Sylph’s fine-grained detection approach also has practical implications in real-world forensic analysis. By slicing system behavior into semantically meaningful subgraphs, Sylph enables security analysts to focus their investigation on specific time windows or behavior patterns, thereby narrowing the scope of manual inspection and reducing analysis workload. Each detected anomalous subgraph can be interpreted as a self-contained behavioral unit, aiding in attack chain reconstruction and threat attribution.

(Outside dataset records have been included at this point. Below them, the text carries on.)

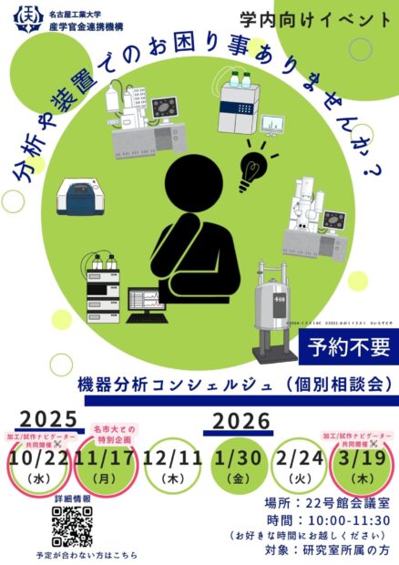産学官金連携機構設備共用部門では教員、学生を対象とした『機器分析コンシェルジュ~どの装置でどうやって分析すればいいの? 教えて!~』を開催します。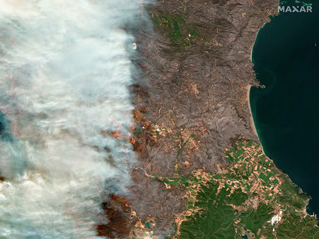Satelitski snimci požara u Grčkoj prikazuju razmjeru katastrofalne vatrene stihije koja uhištava sve pred sobom.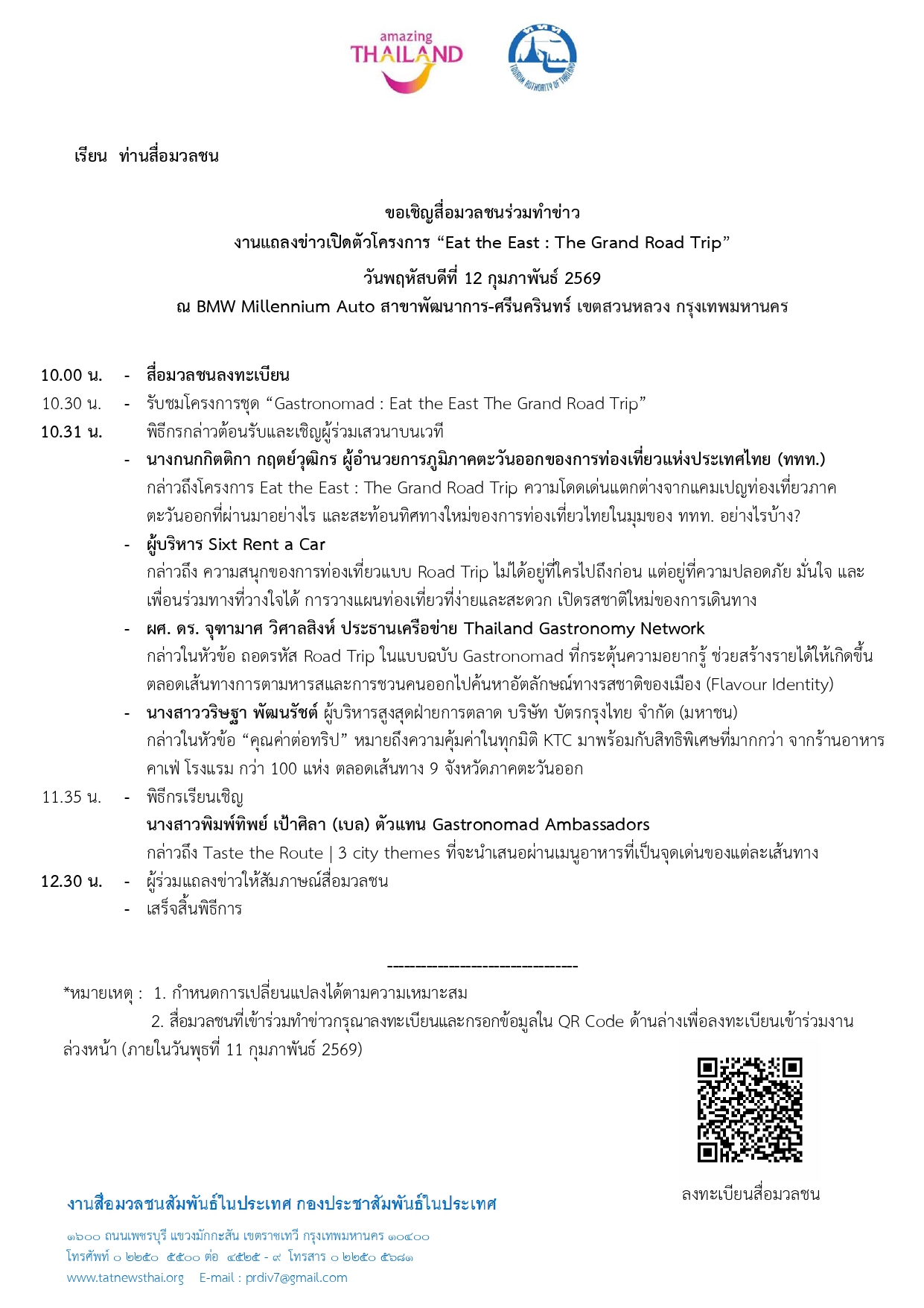 ขอเชิญสื่อมวลชนร่วมงานวันคล้ายวันสถาปนา ททท. ครบ 66 ปี วันพุธที่ 18 มี.ค.2569 เวลา 08.15 น. ณ อาคาร ททท. ถนนเพชรบุรี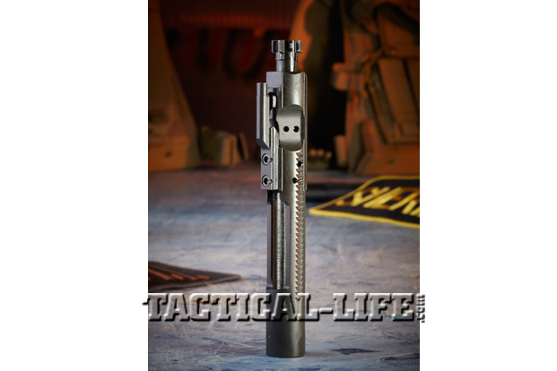 Within the buffer tube are the buffer spring and a standard (not heavy) weight buffer that absorb the energy of the bolt carrier during its rearward travel. Diamondback’s website indicates that the bolt carrier meets military specifications, is shot peened, magnetic-particle inspected and is made of 8620 steel. The all-important gas key screws are properly staked, and the carrier group is manganese-phosphate finished. The gas key and bolt carrier also look like they are chromed lined. These are important features for the officer who might employ the weapon in harsh environments where failure can be catastrophic.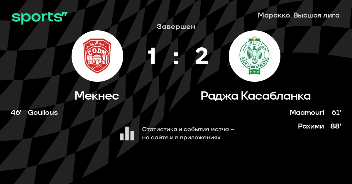 Мекнес – Раджа Касабланка: Раджа Касабланка не пропускает в 7 последних матчах против этого соперника

However, real-world deployments may involve challenges not fully captured in our test environment. For instance, encrypted network traffic and process obfuscation techniques may hide critical activity or distort provenance traces, potentially reducing detection accuracy. Additionally, noise in large-scale systems and incomplete logging may affect the completeness of the generated graphs. In future work, we plan to incorporate host-level signals, lightweight behavior tracing, and contextual enrichment to enhance Sylph’s resilience in noisy and adversarial settings. We also aim to explore adaptive slicing mechanisms and incremental learning to improve scalability and robustness over time.

6. Conclusions

We propose Sylph, a lightweight unsupervised APT detection method based on provenance graphs. By employing unsupervised learning, the system can automatically learn and identify threat patterns and anomalous behaviors. The fine-grained partitioning enhances the system’s detection accuracy and efficiency, enabling a deeper and more precise understanding and analysis of network events. The time-based subgraph partitioning allows the system to observe the temporal evolution of network events, providing insights into the dynamics of threat development and facilitating real-time or near-real-time threat detection. Experimental evaluations demonstrate that Sylph exhibits high accuracy and reliability.

Author Contributions

Conceptualization, K.J.; methodology, K.J. and Z.G.; software, K.J., S.Z. and Z.G.; validation, Z.G.; formal analysis, S.Z. and Z.G.; investigation, K.J.; resources, F.Z.; data curation, S.Z. and Z.G.; writing—original draft preparation, K.J.; writing—reviewing and editing, Z.G.; visualization, S.Z. and Z.G.; supervision, F.Z. and K.J.; project administration, F.Z.; funding acquisition, F.Z. All authors have read and agreed to the published version of the manuscript.

Funding

This research was funded by the National Key Research and Development Program of China (No. 2020YFB1807500).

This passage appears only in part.